Having already been rejected from two acting schools, the then-19-year-old visited the gents, as he nervously waited to be called for an audition at another college, The Drama Centre London.

And he attributed a mysterious piece of graffiti he spotted on the bathroom wall with helping him through his audition and winning a place at the college.

He recalled: "I went to the urinal and as I was urinating, I saw that someone had written, 'Hi Cookie!' on the wall. Those words were starting at me, as I stood there.

"I had just finished playing the Cook in a production of [late playwright Bertolt Brecht's] 'Mother Courage,' and I had done it with a Scottish accent."

Fassbender said the graffiti inspired him to alter the delivery of the monologue he had meticulously prepared for the audition and instead perform it in a Scottish accent.

He said "I haven't thought about that for years and years, I'm not saying what I saw was a sign or anything. But maybe I did sort of take it that way, and that helped me."

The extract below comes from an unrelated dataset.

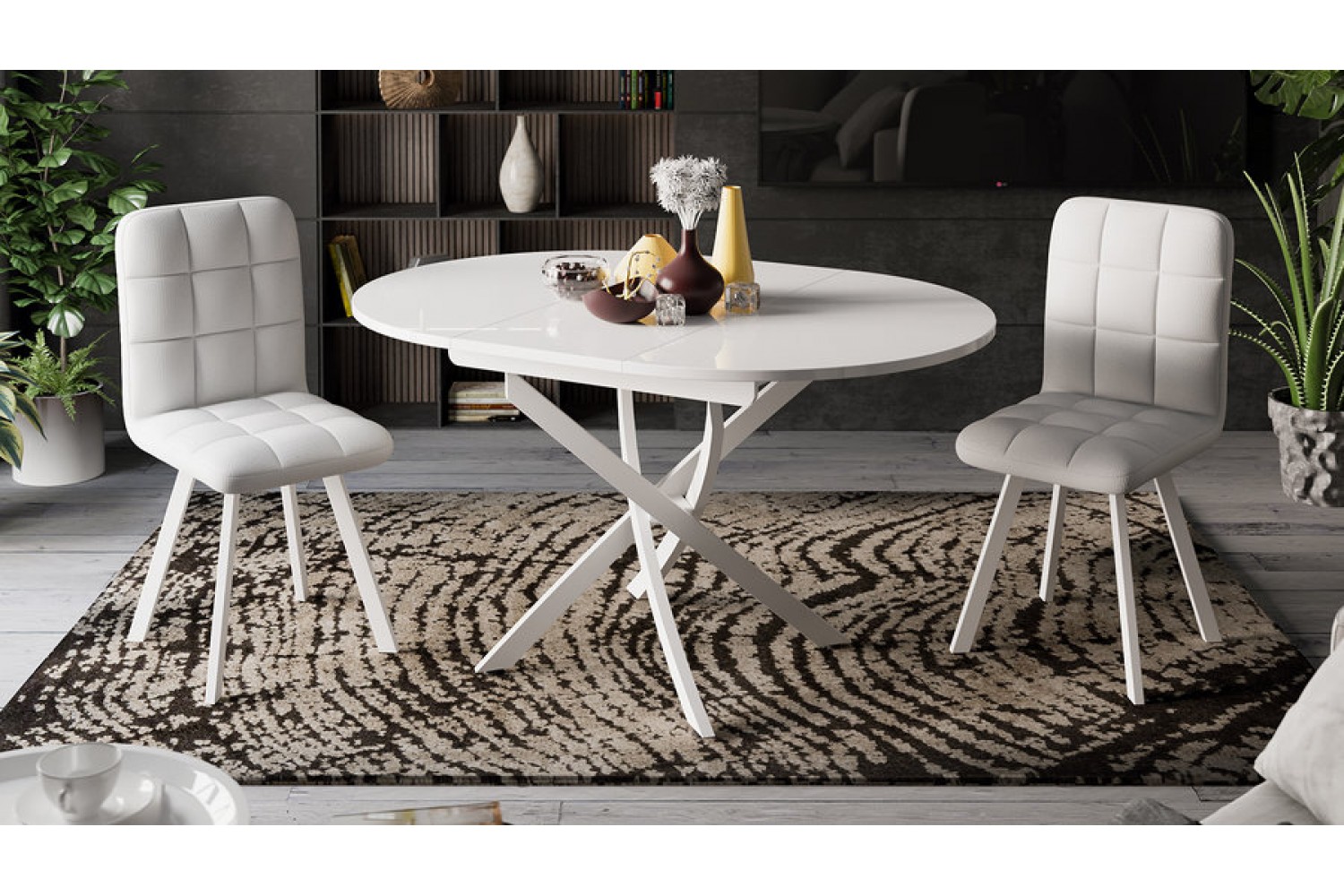 Особенностью модели является наличие механизма раскладки, который позволяет увеличить длину стола до 1380 мм, что делает его идеальным для приема гостей и семейных ужинов. Стол обеденный «Diamond» станет стильным и функциональным акцентом в вашем доме.

However, in an interview with the New York Times magazine, the 38-year-old said he endured another ten years of rejections, making ends meet by bartending before his big breakthrough came in his acclaimed role as hunger striker Bobby Sands in 2007's multi-award-winning 'Hunger.'

He recalled "I enjoyed the bar. But, God, I really, really, really wanted to act."

Fassbender, whose latest starring roles are in the Danny Boyle directed biopic of Apple co-founder Steve Jobs and a film adaptation of "Macbeth," also attributes his acting versatility to his sense of being an outsider in Killarney, Co. Kerry, as a child of a German father and Irish mother.

Director Steve McQueen, who teamed up with Fassbender in 'Hunger.' 'Shame' and, most recently, '12 Years a Slave,' said of the actor: "Look, he wasn't a McQueen! Or an O'Reilly. He was a Fassbender. He was the odd one out. I think that's an important part of who he is.”